### Required action:
Everything from the line that contains "- 寄存器解释,中断系统的详细原理见数据手册(养成良好的阅读素养)" to the final line of the data, both ends included, must be set down exactly, apart from the pictures.

─── Raw data ───

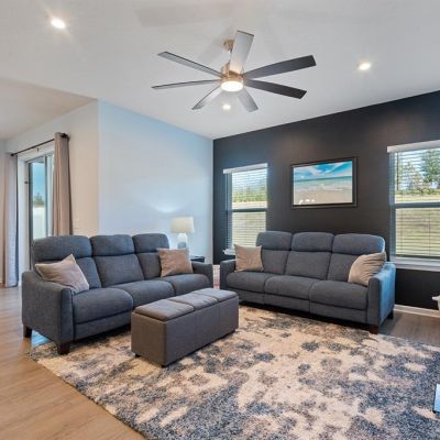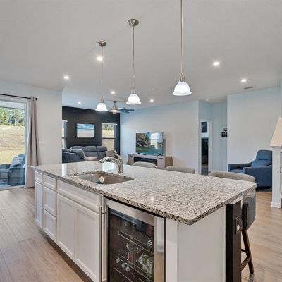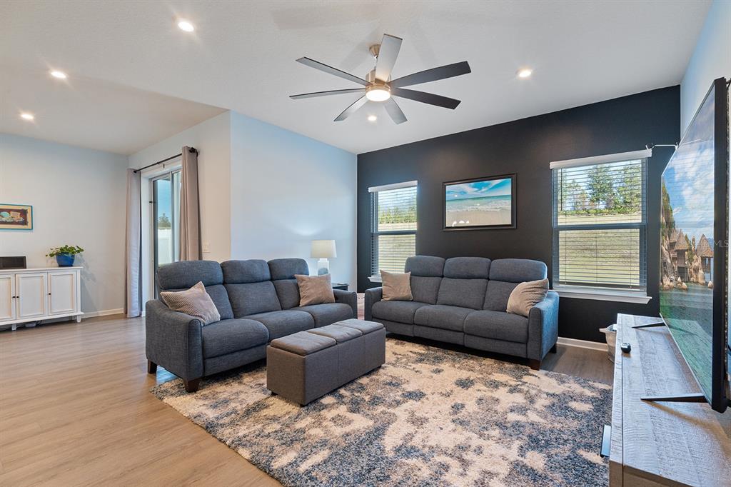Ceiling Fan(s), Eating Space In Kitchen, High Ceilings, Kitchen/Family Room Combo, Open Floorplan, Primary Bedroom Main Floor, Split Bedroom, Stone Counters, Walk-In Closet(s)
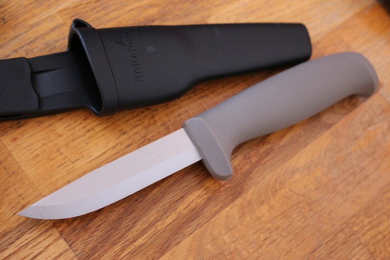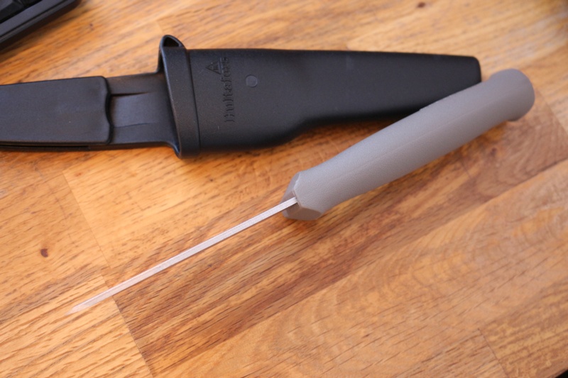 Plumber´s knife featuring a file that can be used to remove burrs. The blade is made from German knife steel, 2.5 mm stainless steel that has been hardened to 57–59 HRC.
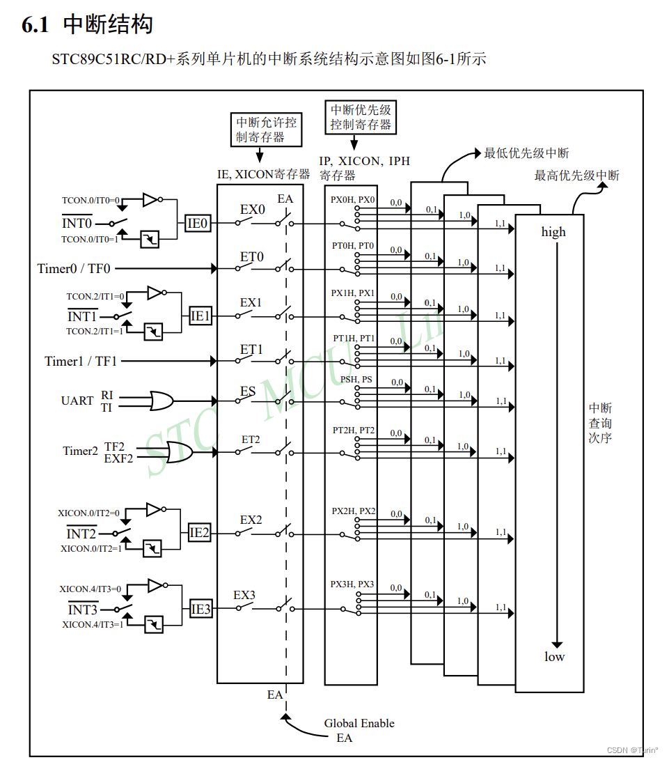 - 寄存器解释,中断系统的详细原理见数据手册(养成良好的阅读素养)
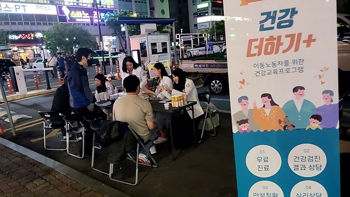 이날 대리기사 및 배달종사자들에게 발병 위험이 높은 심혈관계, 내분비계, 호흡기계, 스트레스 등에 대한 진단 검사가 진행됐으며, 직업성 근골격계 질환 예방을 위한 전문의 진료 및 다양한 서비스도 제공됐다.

───

### Exercise solution:
 - 寄存器解释,中断系统的详细原理见数据手册(养成良好的阅读素养)
 이날 대리기사 및 배달종사자들에게 발병 위험이 높은 심혈관계, 내분비계, 호흡기계, 스트레스 등에 대한 진단 검사가 진행됐으며, 직업성 근골격계 질환 예방을 위한 전문의 진료 및 다양한 서비스도 제공됐다.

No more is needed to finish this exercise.